If you're running a Swarm Mode cluster or even a single Docker engine, you'll end up asking this question:
How do I keep track of all that's happening?
The answer is "not easily."
You need a few things to have a complete overview of stuff like:
Number and status of containers
If, where, and when a container has been moved to another node
Number of containers on a given node
Traffic peaks at a given time
Orphan volumes and networks
Free disk space, free inodes
Number of containers against number of veths attached to the
docker0
anddocker_gwbridge
bridgesUp and down Swarm nodes
Centralize logs
The goal of this post is to demonstrate the use of Elasticsearch + Kibana + cAdvisor as tools to analyze and gather metrics and visualize dashboards for Docker containers.

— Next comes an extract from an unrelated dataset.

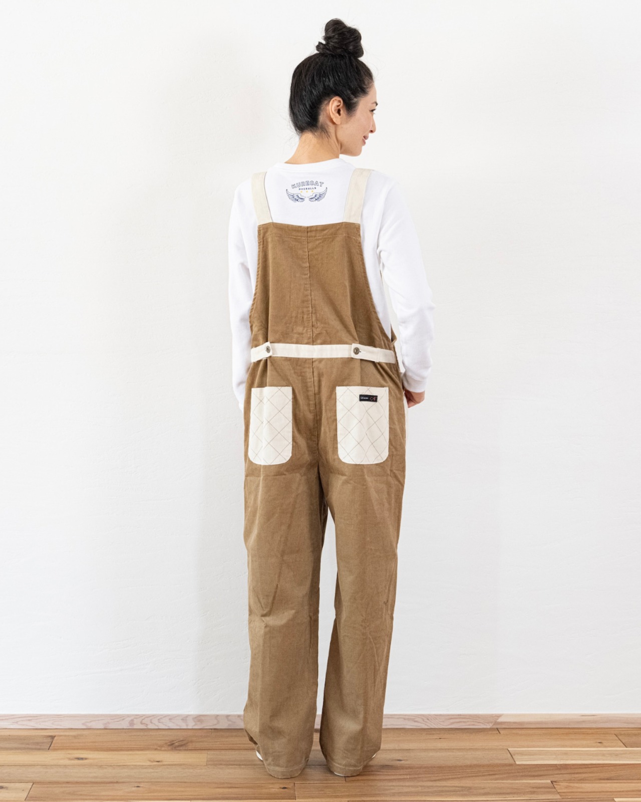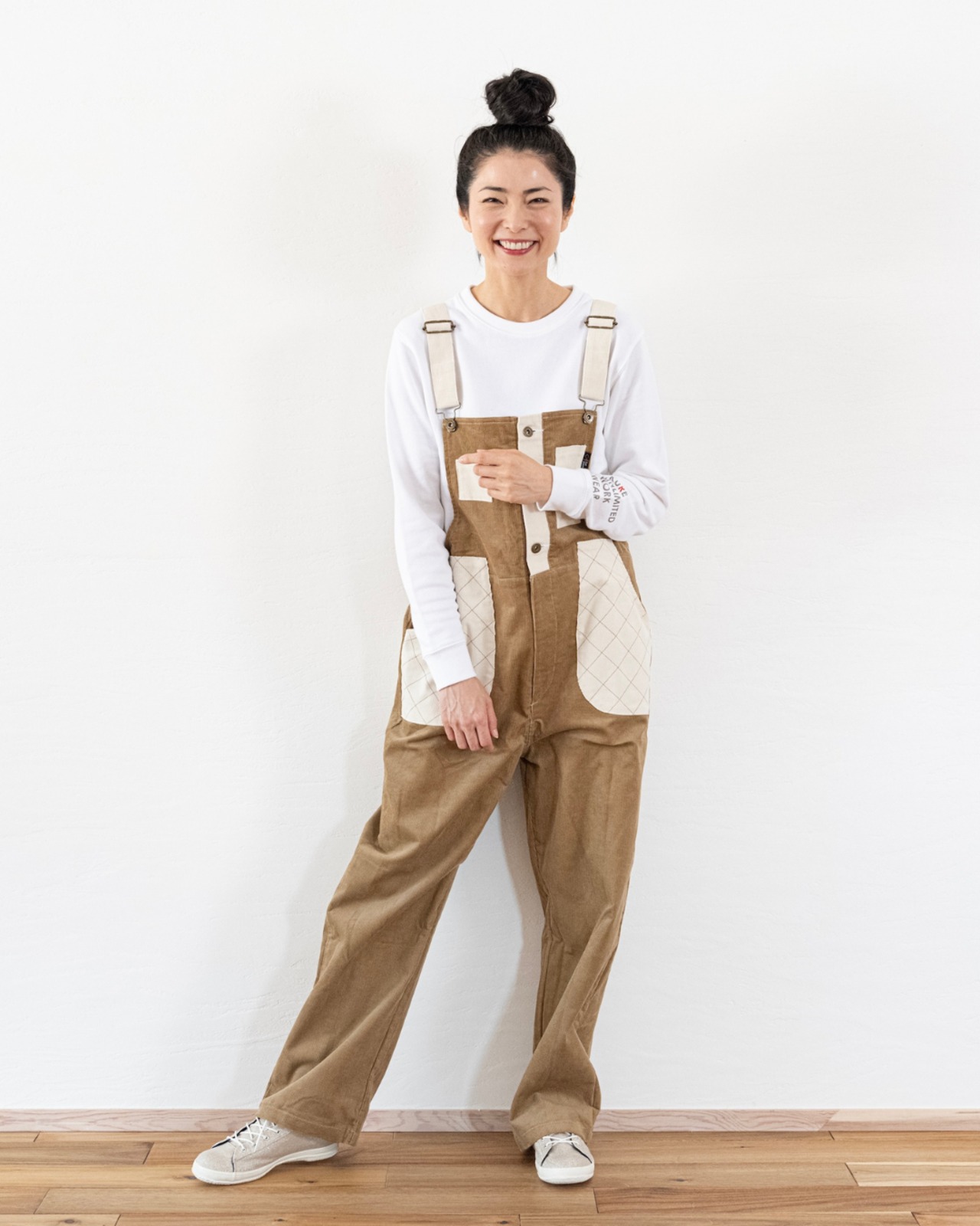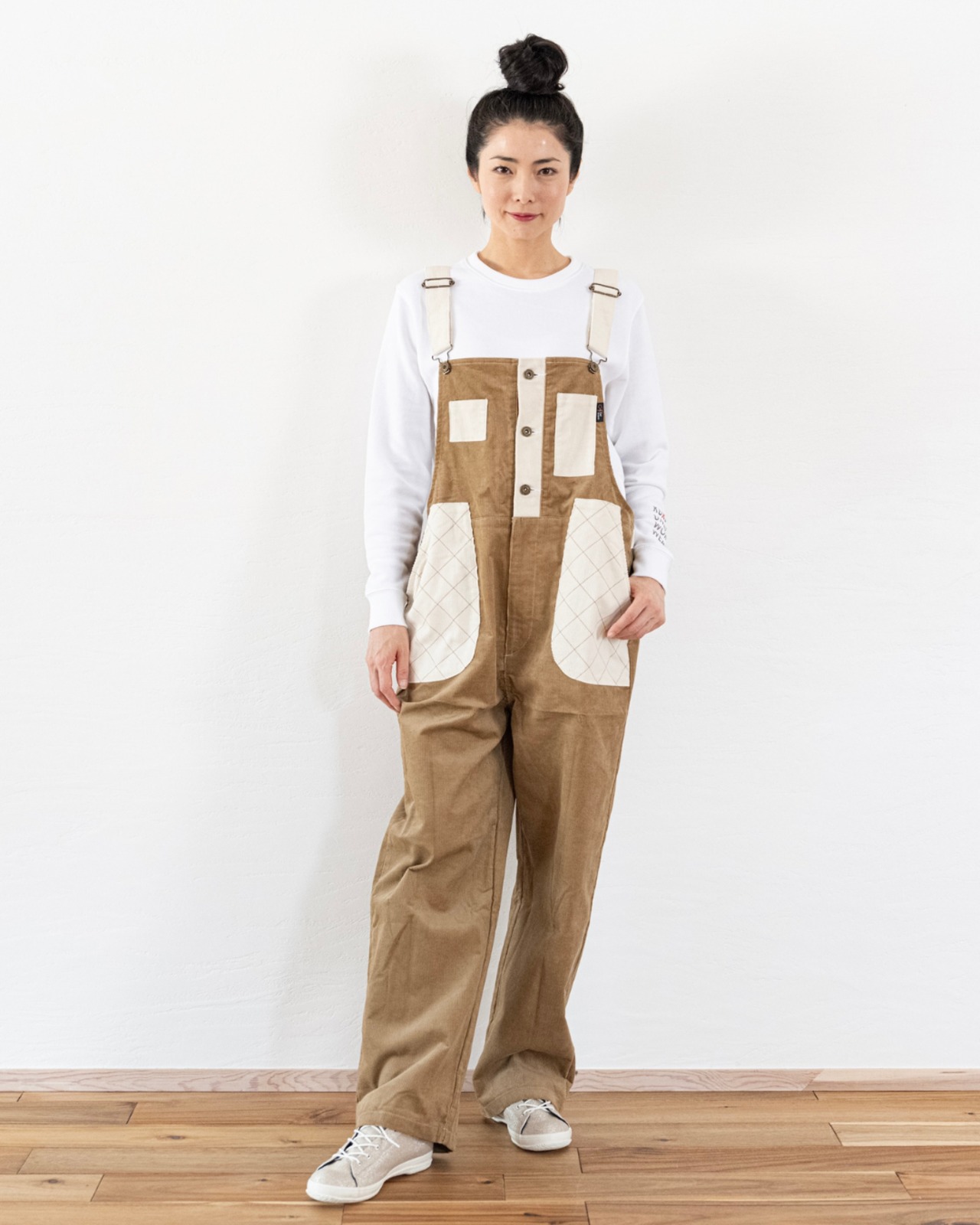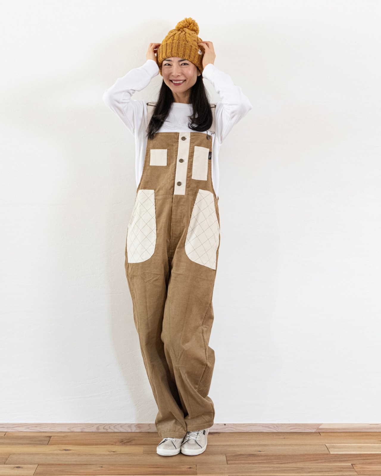 大胆な配色づかいで、かわいいがあふれるコーデュロイサロペットです。

Later on in this post, you can find a dashboard trying to address a few points from the previous list. There are also points that can't be addressed by simply using cAdvisor, like the status of Swarm Mode nodes.
Also, if you have specific needs that are not covered by cAdvisor or another tool, I encourage you to write your own data collector and data shipper (e.g., Beats). Note that I won't be showing you how to centralize Docker containers log on Elasticsearch.
Why Do We Need to Monitor Containers?
Imagine yourself in the classic situation of managing a virtual machine, either just one or several. You are a tmux hero, so you have your sessions preconfigured to do basically everything, monitoring included. There's a problem in production? You just do a top
, htop
, iotop
, jnettop
, whatevertop
on all your machines, and you're ready for troubleshooting!
Now imagine that you have the same three nodes but split into 50 containers. You need some history displayed nicely in a single place where you can perform queries to know what happened instead of just risking your life in front of those ncurses tools.
What Is the Elastic Stack?
The Elastic Stack is a set of tools composed of:
Elasticsearch
Kibana
Logstash
Beats
We're going to use a few open-source tools from the Elastic Stack, such as Elasticsearch for the JSON-based analytics engine and Kibana to visualize data and create dashboards.
Another important piece of the Elastic Stack is Beats, but in this post, we're focused on containers. There's no official Beat for Docker, so we'll just use cAdvisor that can natively talk with Elasticsearch.
cAdvisor is a tool that collects, aggregates, and exports metrics about running containers. In our case, those metrics are being exported to an Elasticsearch storage.
Two cool facts about cAdvisor are:
It's not limited to Docker containers.
It has its own webserver with a simple dashboard to visualize gathered metrics for the current node.
Set Up a Test Cluster or BYOI
As I did in my previous posts, my habit is to provide a small script to allow the reader to set up a test environment on which to try out my project's steps in no time. So you can use the following not-for-production-use script to set up a little Swarm Mode cluster with Elasticsearch running as a container.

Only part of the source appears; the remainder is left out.